The task:
Make an exact copy of the listing below. Pictures stay out of it.

___ Stored data

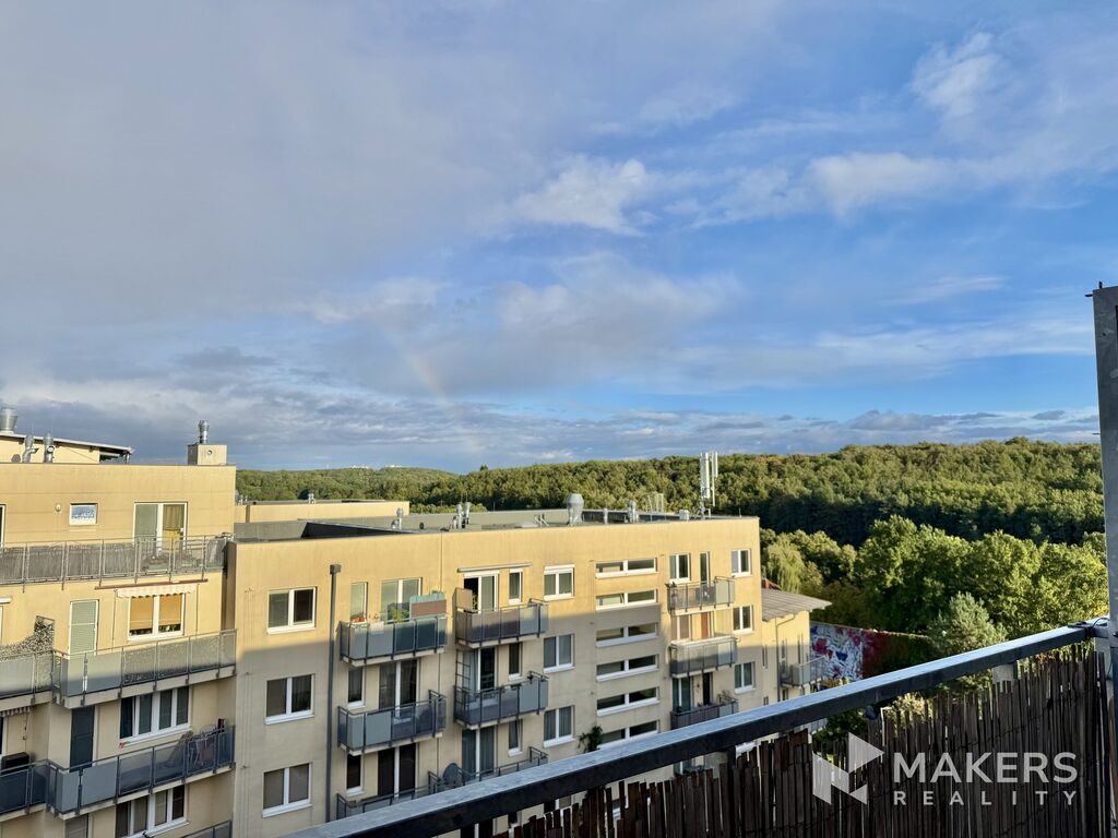 Byt se nachází v posledním 6. patře moderního domu s výtahem, což zaručuje maximální klid a krásný výhled na park.
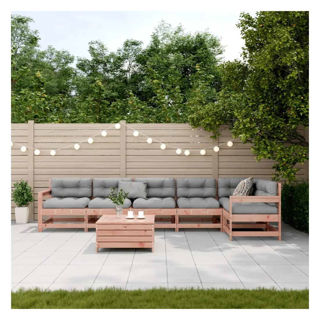 Salon de jardin 7 pcs avec coussins bois massif douglas
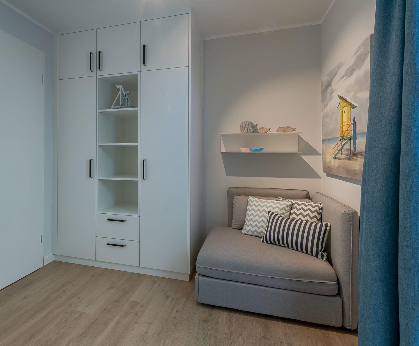 Der angrenzende Essplatz ist für bis zu 5 Personen ausgerichtet. Entspannen Sie sorglos nach Ihrem Strandtag in einem der beiden separaten Schlafzimmer mit komfortablen Boxspring-Betten (Masterschlafzimmer: 220x200 cm, Kinderzimmer: 160x200 cm) und LED Smart TVs. Das Masterschlafzimmer hat einen zusätzlichen Balkon mit Lounge zur Entspannung sowie einen begehbaren Kleiderschrank. Hier befindet sich auch ein Schreibtisch mit LAN Anschluss. Im Nebenschlafzimmer befindet sich zusätzlich ein Schlafsessel für die fünfte Person.
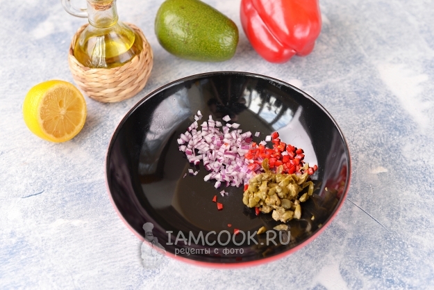 Красный лук очень мелко порубите ножом, добавьте нарубленные каперсы. Острый перец очистите от семечек и белых перепонок, также мелко нарежьте. Сложите ингредиенты в глубокую миску.
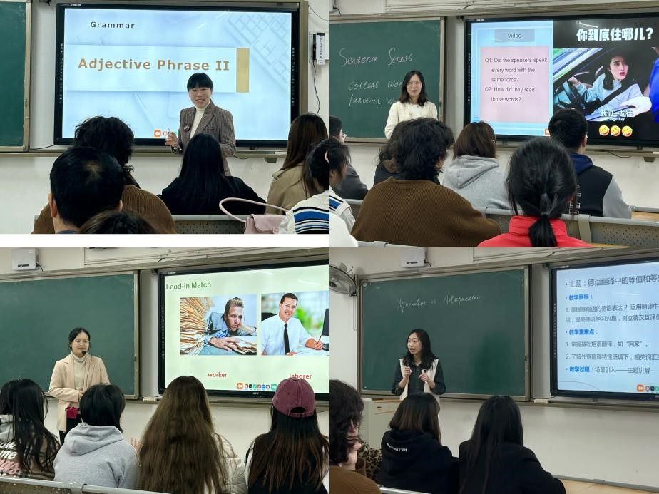 他们围绕专业知识,主题鲜明,结合文字、图片、视频等形式,将课堂内容与时政热点、课程思政结合起来,讲解细致精彩,课程设置精妙,教学风格活泼,教学互动合理,个人教学特色突出,极好地展现了外国语学院青年教师的能力与风采,给现场观众及评委留下了深刻的印象。
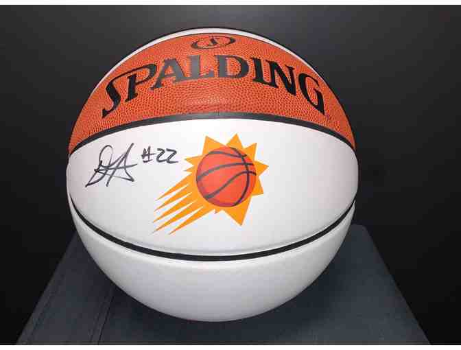Bid now to win this Spalding basketball autographed by Suns center DeAndre Ayton. The basketball is leather with white signature panels and the Suns logo.
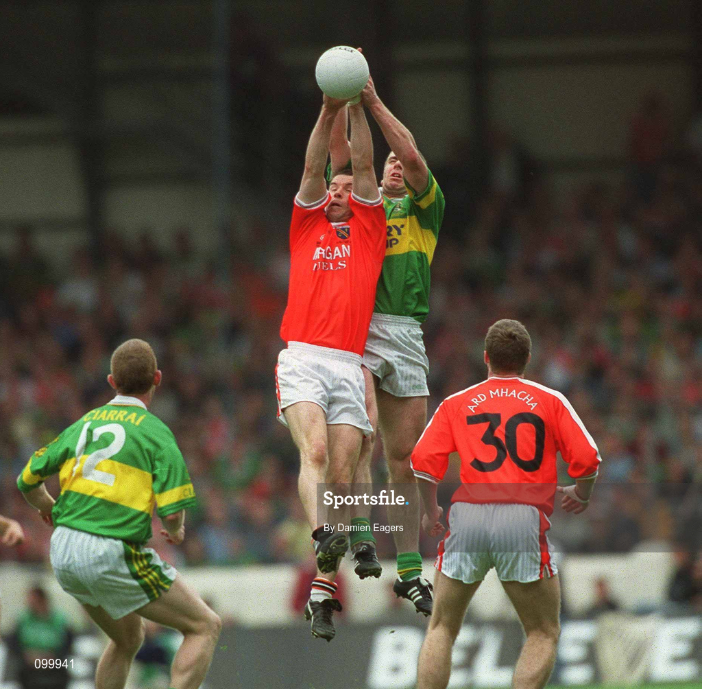 22 September 2002; Darragh O Se of Kerry in action against Paul McGrane of Armagh during the GAA Football All-Ireland Senior Championship Final match between Armagh and Kerry at Croke Park in Dublin. Photo by Damien Eagers/Sportsfile
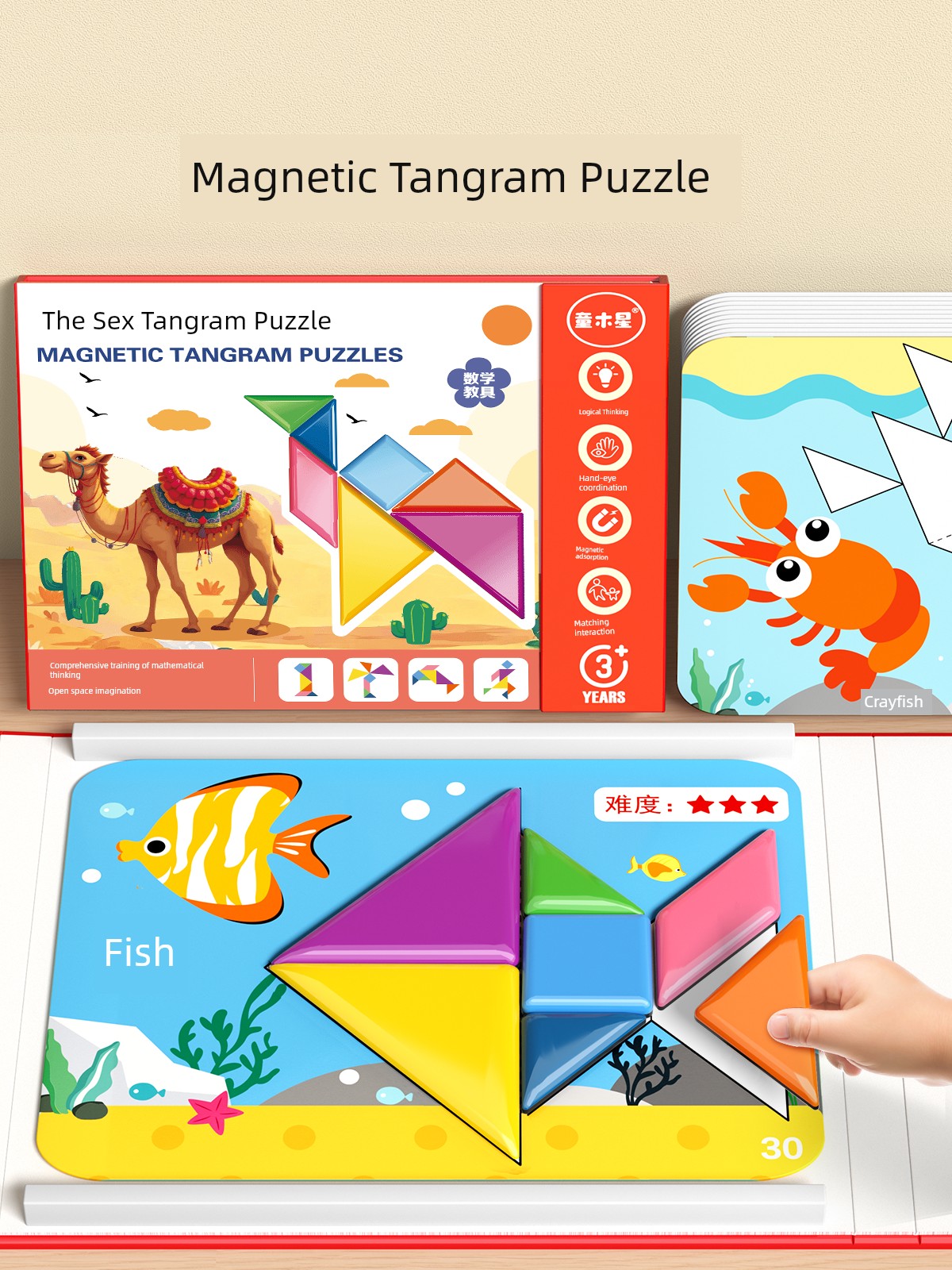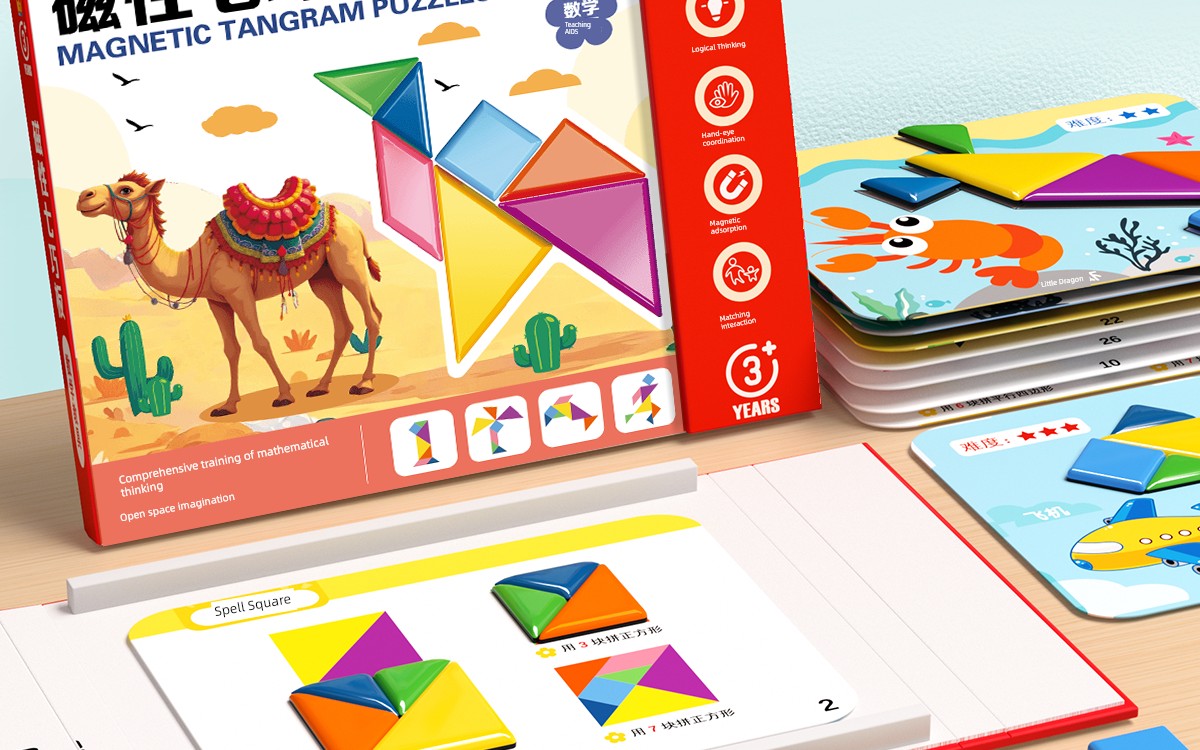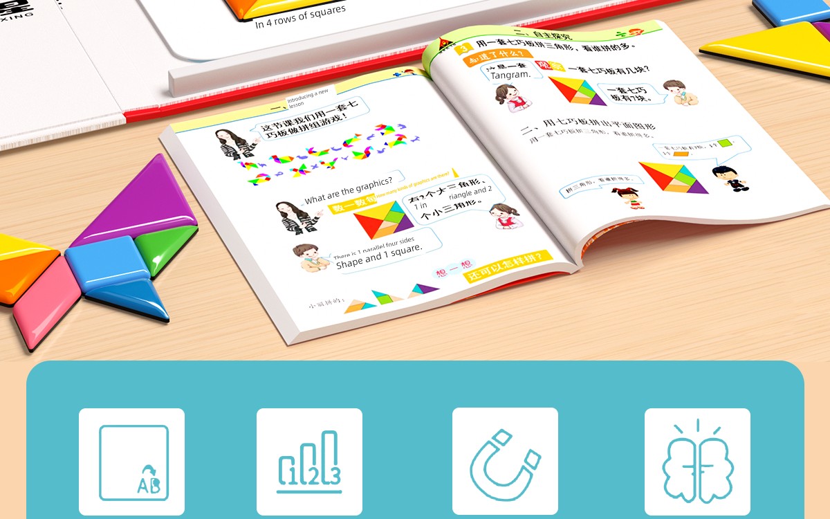 热卖儿童磁性七巧板小学生一年级教具益智玩具幼儿园专用智力磁力拼图
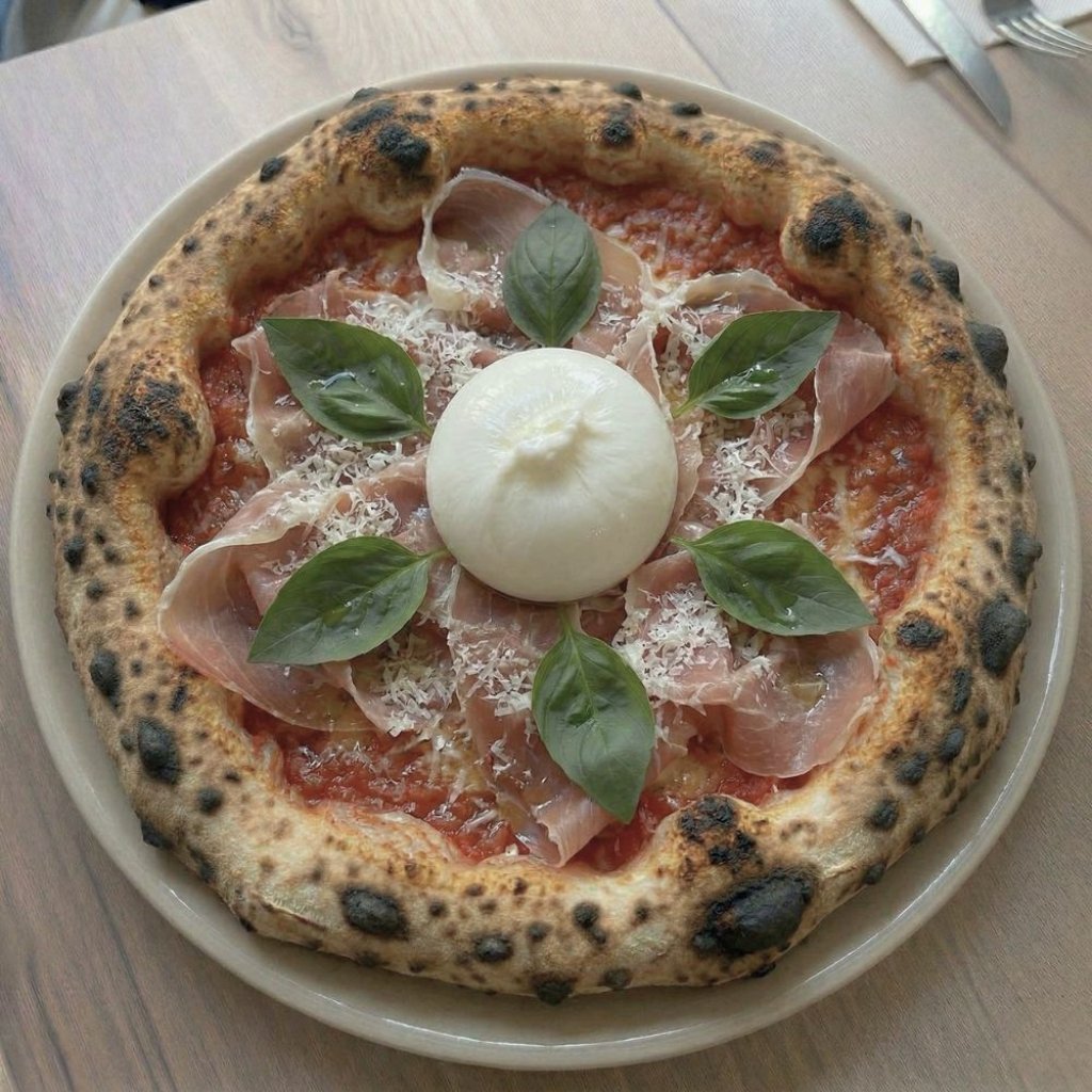 Rajčata San Marzano, burrata, parmazán, parmská šunka, bazalka, extra virgin olivový olej | San Marzano tomatoes, burrata, parmesan, Parma ham, basil, extra virgin olive oil

______

Response below:
 Byt se nachází v posledním 6. patře moderního domu s výtahem, což zaručuje maximální klid a krásný výhled na park.
 Salon de jardin 7 pcs avec coussins bois massif douglas
 Der angrenzende Essplatz ist für bis zu 5 Personen ausgerichtet. Entspannen Sie sorglos nach Ihrem Strandtag in einem der beiden separaten Schlafzimmer mit komfortablen Boxspring-Betten (Masterschlafzimmer: 220x200 cm, Kinderzimmer: 160x200 cm) und LED Smart TVs. Das Masterschlafzimmer hat einen zusätzlichen Balkon mit Lounge zur Entspannung sowie einen begehbaren Kleiderschrank. Hier befindet sich auch ein Schreibtisch mit LAN Anschluss. Im Nebenschlafzimmer befindet sich zusätzlich ein Schlafsessel für die fünfte Person.
 Красный лук очень мелко порубите ножом, добавьте нарубленные каперсы. Острый перец очистите от семечек и белых перепонок, также мелко нарежьте. Сложите ингредиенты в глубокую миску.
 他们围绕专业知识,主题鲜明,结合文字、图片、视频等形式,将课堂内容与时政热点、课程思政结合起来,讲解细致精彩,课程设置精妙,教学风格活泼,教学互动合理,个人教学特色突出,极好地展现了外国语学院青年教师的能力与风采,给现场观众及评委留下了深刻的印象。
Bid now to win this Spalding basketball autographed by Suns center DeAndre Ayton. The basketball is leather with white signature panels and the Suns logo.
 22 September 2002; Darragh O Se of Kerry in action against Paul McGrane of Armagh during the GAA Football All-Ireland Senior Championship Final match between Armagh and Kerry at Croke Park in Dublin. Photo by Damien Eagers/Sportsfile
 热卖儿童磁性七巧板小学生一年级教具益智玩具幼儿园专用智力磁力拼图
 Rajčata San Marzano, burrata, parmazán, parmská šunka, bazalka, extra virgin olivový olej | San Marzano tomatoes, burrata, parmesan, Parma ham, basil, extra virgin olive oil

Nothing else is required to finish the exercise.